REQUIRED WORK:
Given these entries, repeat exactly the lines starting with the one that has "Finally, when Priyank" and going on through the one that has "Add a natural", both included, but none of the pictures.

DATA RECORDS:

____________________

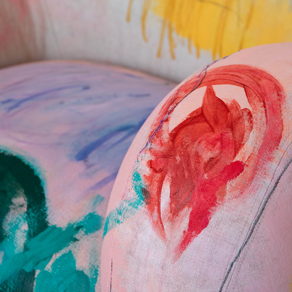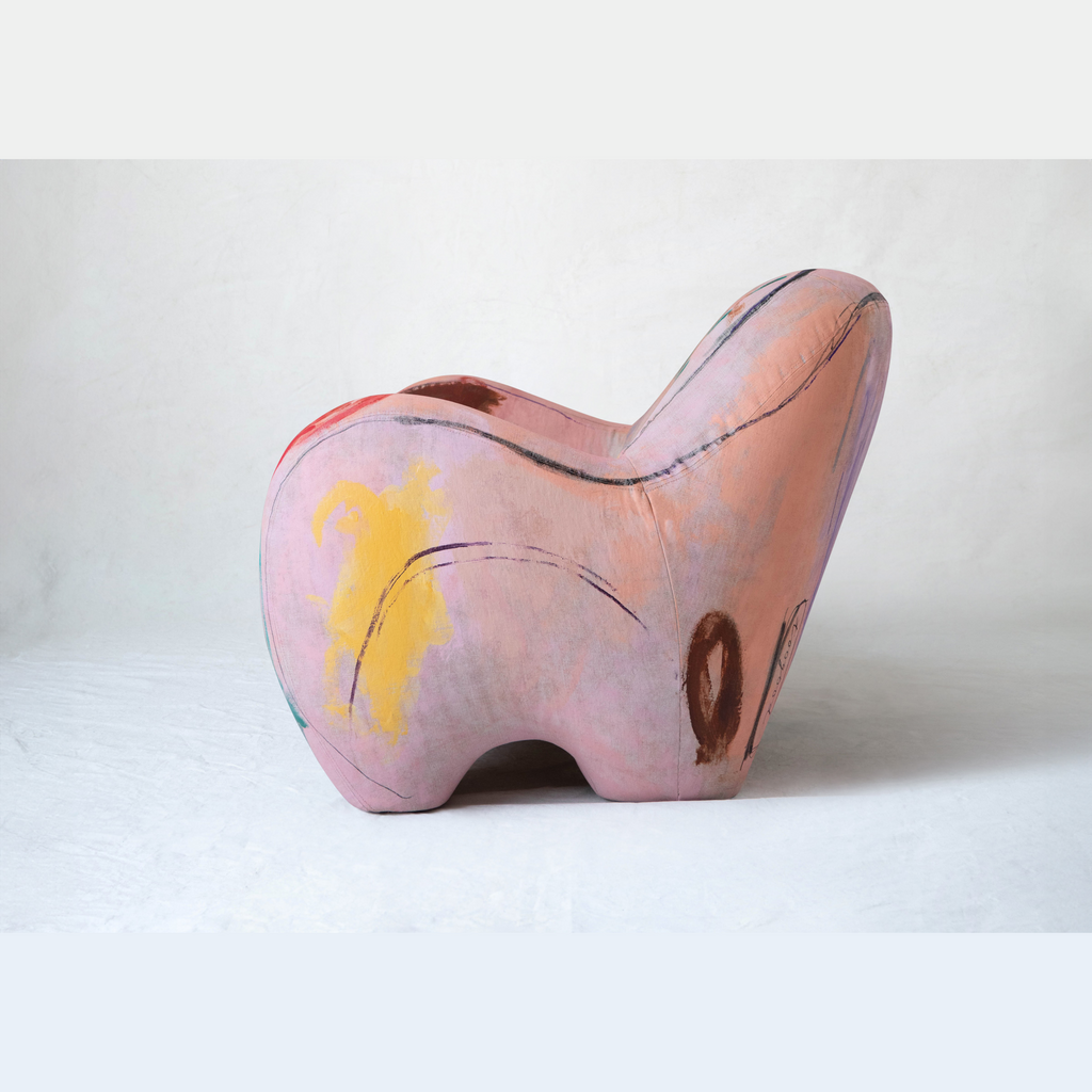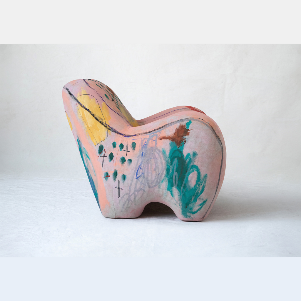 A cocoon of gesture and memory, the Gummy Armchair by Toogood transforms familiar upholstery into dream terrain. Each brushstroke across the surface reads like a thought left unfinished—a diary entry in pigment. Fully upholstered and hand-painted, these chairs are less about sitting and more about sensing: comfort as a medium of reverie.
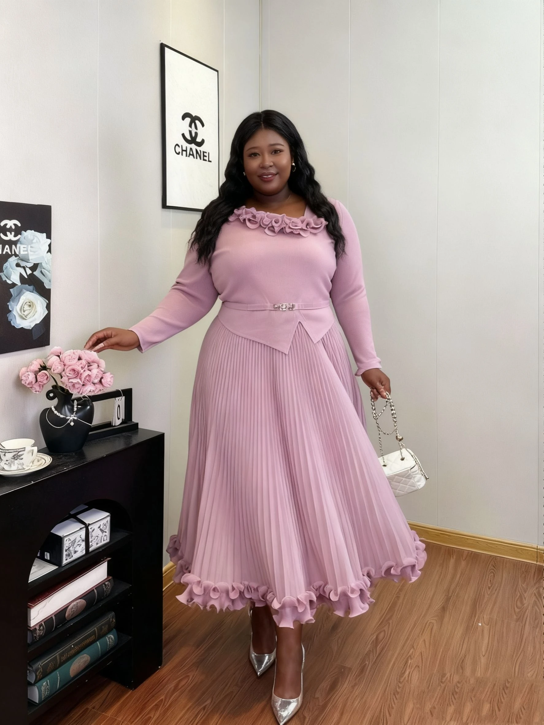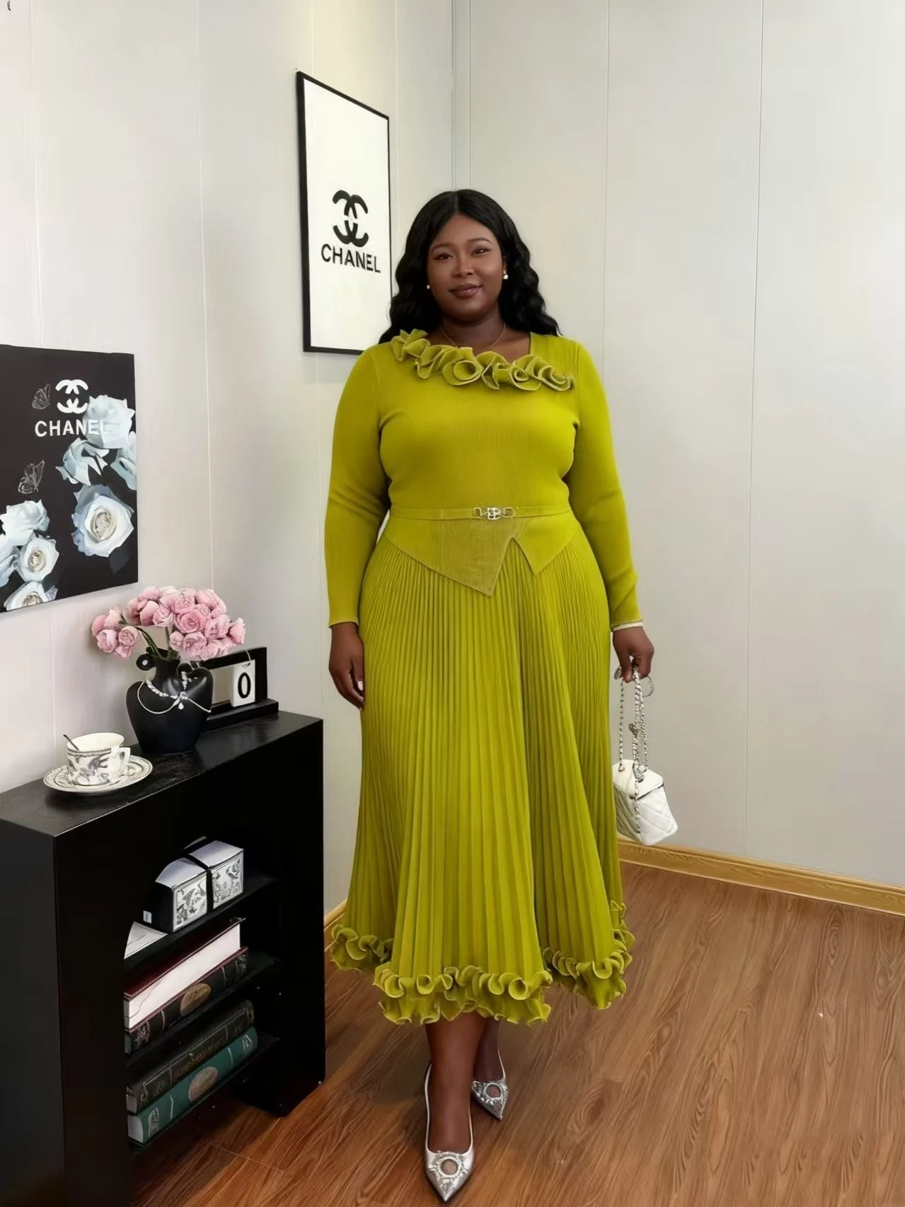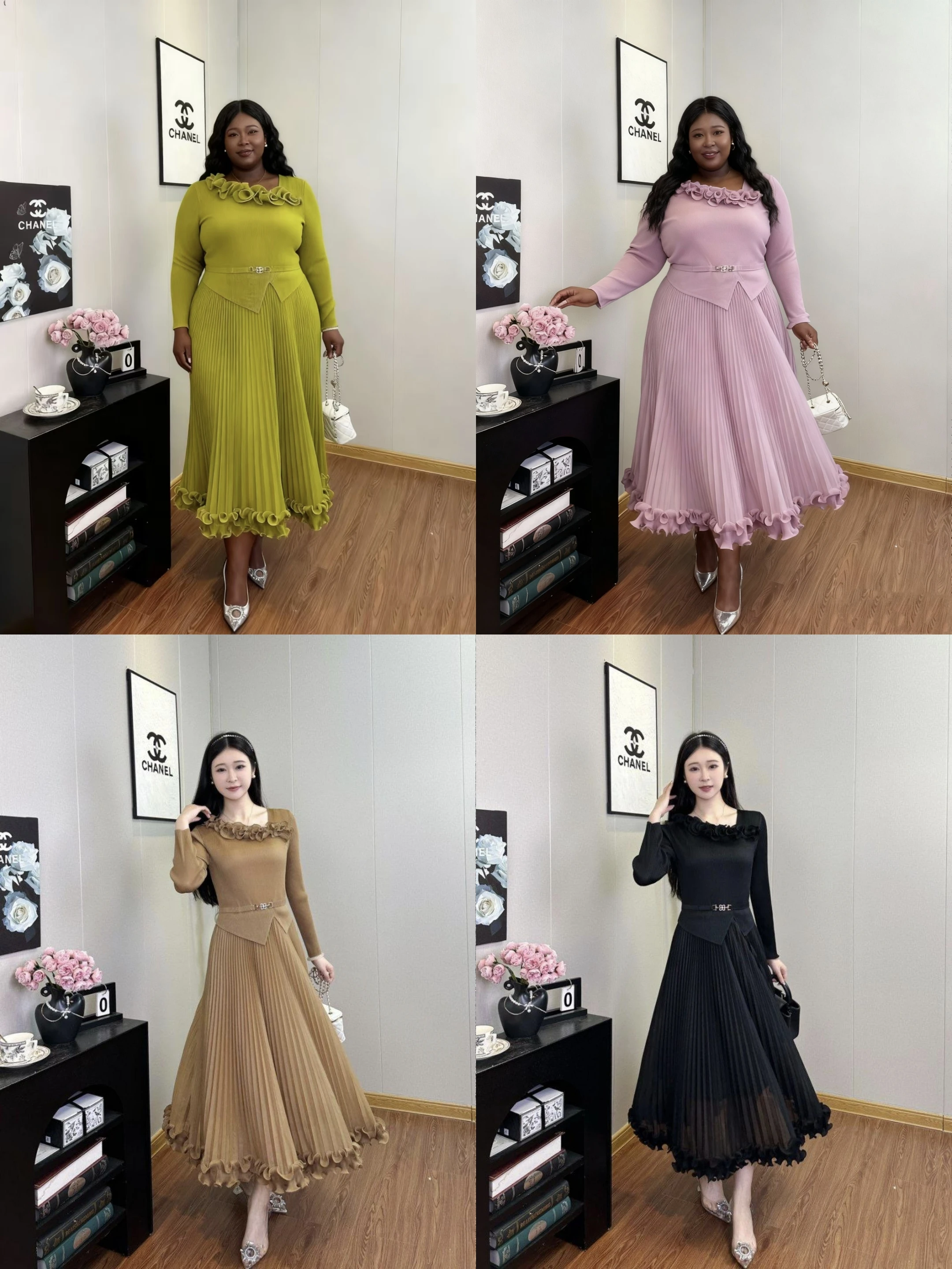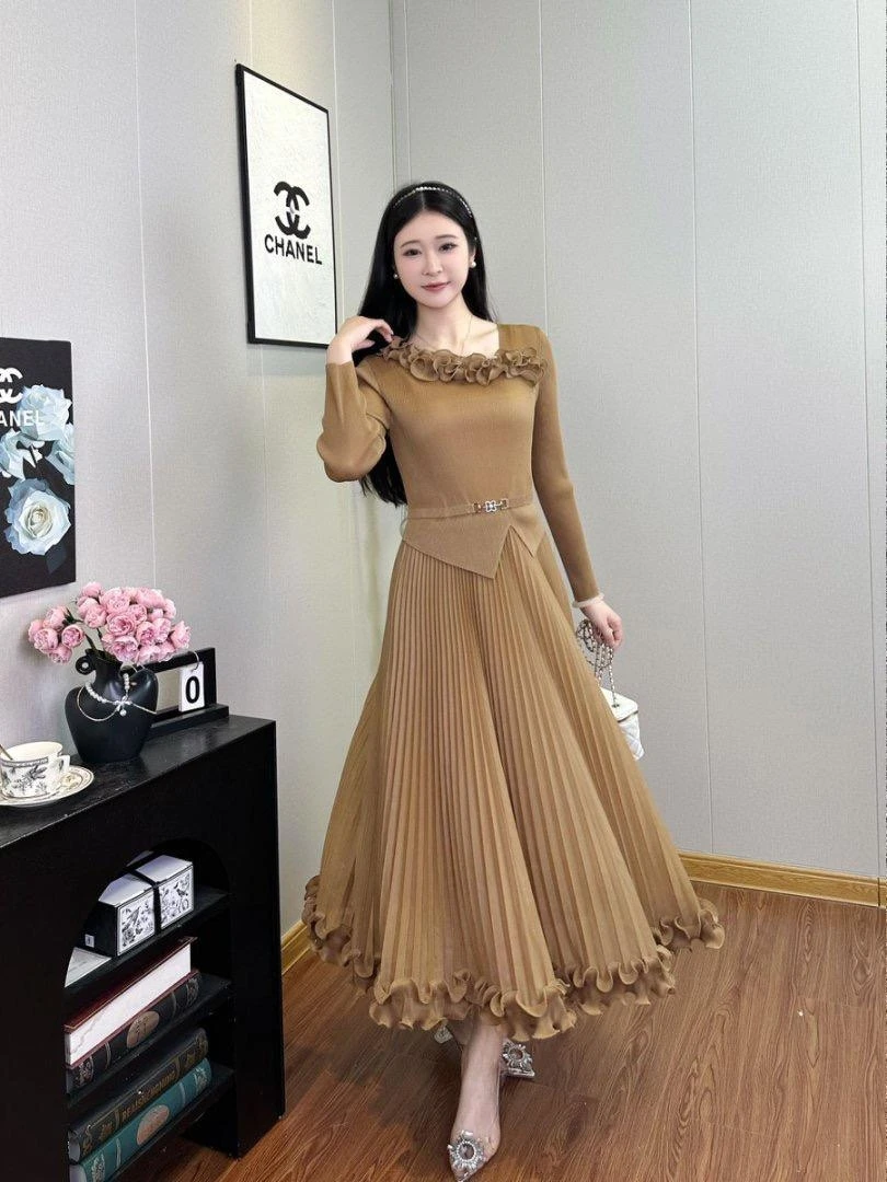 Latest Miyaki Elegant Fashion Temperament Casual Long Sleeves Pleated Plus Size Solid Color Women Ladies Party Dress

____________________

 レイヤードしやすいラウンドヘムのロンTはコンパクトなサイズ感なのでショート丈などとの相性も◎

____________________

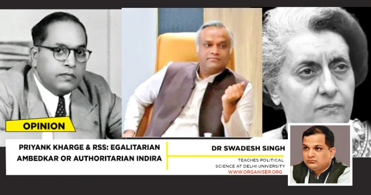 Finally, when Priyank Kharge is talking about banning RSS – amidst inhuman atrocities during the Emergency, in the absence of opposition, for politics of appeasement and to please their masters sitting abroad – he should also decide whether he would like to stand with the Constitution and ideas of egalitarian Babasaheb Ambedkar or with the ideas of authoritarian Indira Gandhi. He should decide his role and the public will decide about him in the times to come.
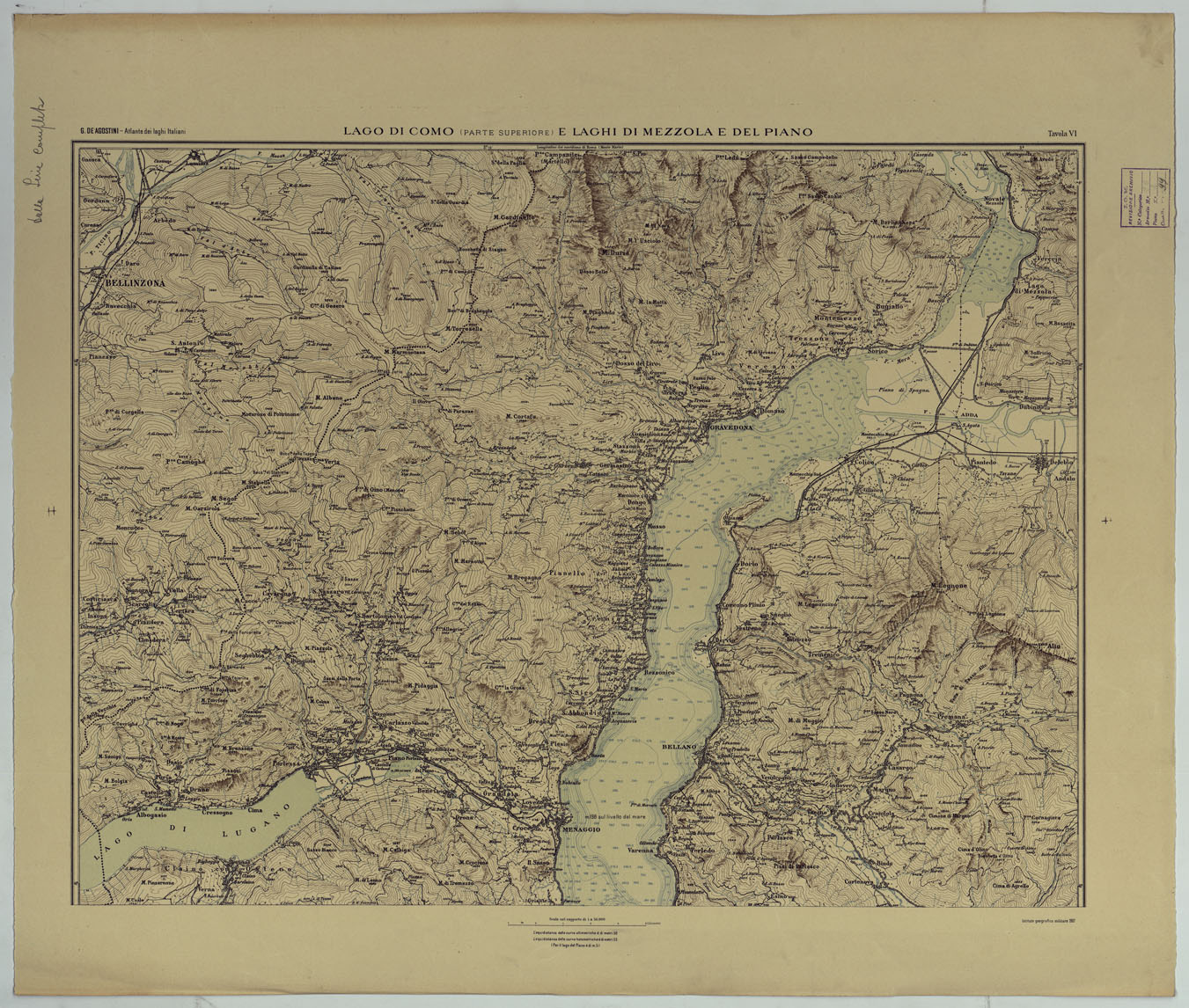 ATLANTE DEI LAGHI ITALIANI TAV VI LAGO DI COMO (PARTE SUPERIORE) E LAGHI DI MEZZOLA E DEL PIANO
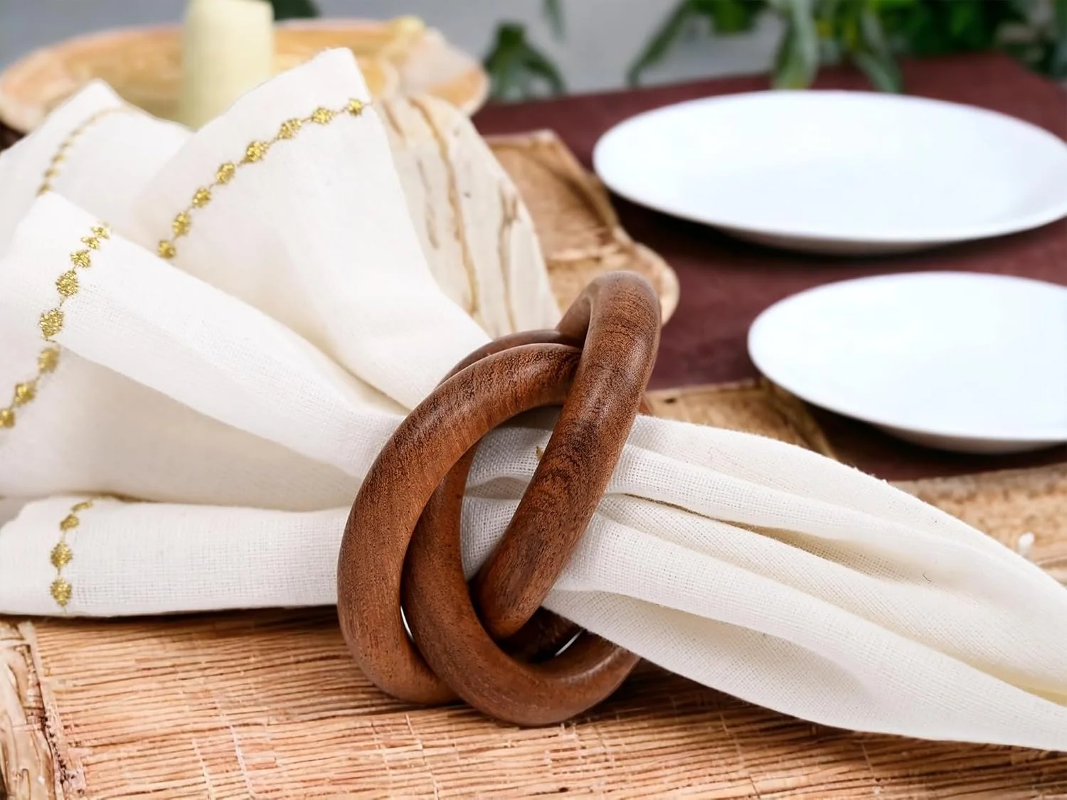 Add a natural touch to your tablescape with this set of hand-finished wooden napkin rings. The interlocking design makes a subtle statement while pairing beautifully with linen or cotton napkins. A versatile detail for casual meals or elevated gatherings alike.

____________________

EXERCISE OUTPUT:
 Finally, when Priyank Kharge is talking about banning RSS – amidst inhuman atrocities during the Emergency, in the absence of opposition, for politics of appeasement and to please their masters sitting abroad – he should also decide whether he would like to stand with the Constitution and ideas of egalitarian Babasaheb Ambedkar or with the ideas of authoritarian Indira Gandhi. He should decide his role and the public will decide about him in the times to come.
 ATLANTE DEI LAGHI ITALIANI TAV VI LAGO DI COMO (PARTE SUPERIORE) E LAGHI DI MEZZOLA E DEL PIANO
 Add a natural touch to your tablescape with this set of hand-finished wooden napkin rings. The interlocking design makes a subtle statement while pairing beautifully with linen or cotton napkins. A versatile detail for casual meals or elevated gatherings alike.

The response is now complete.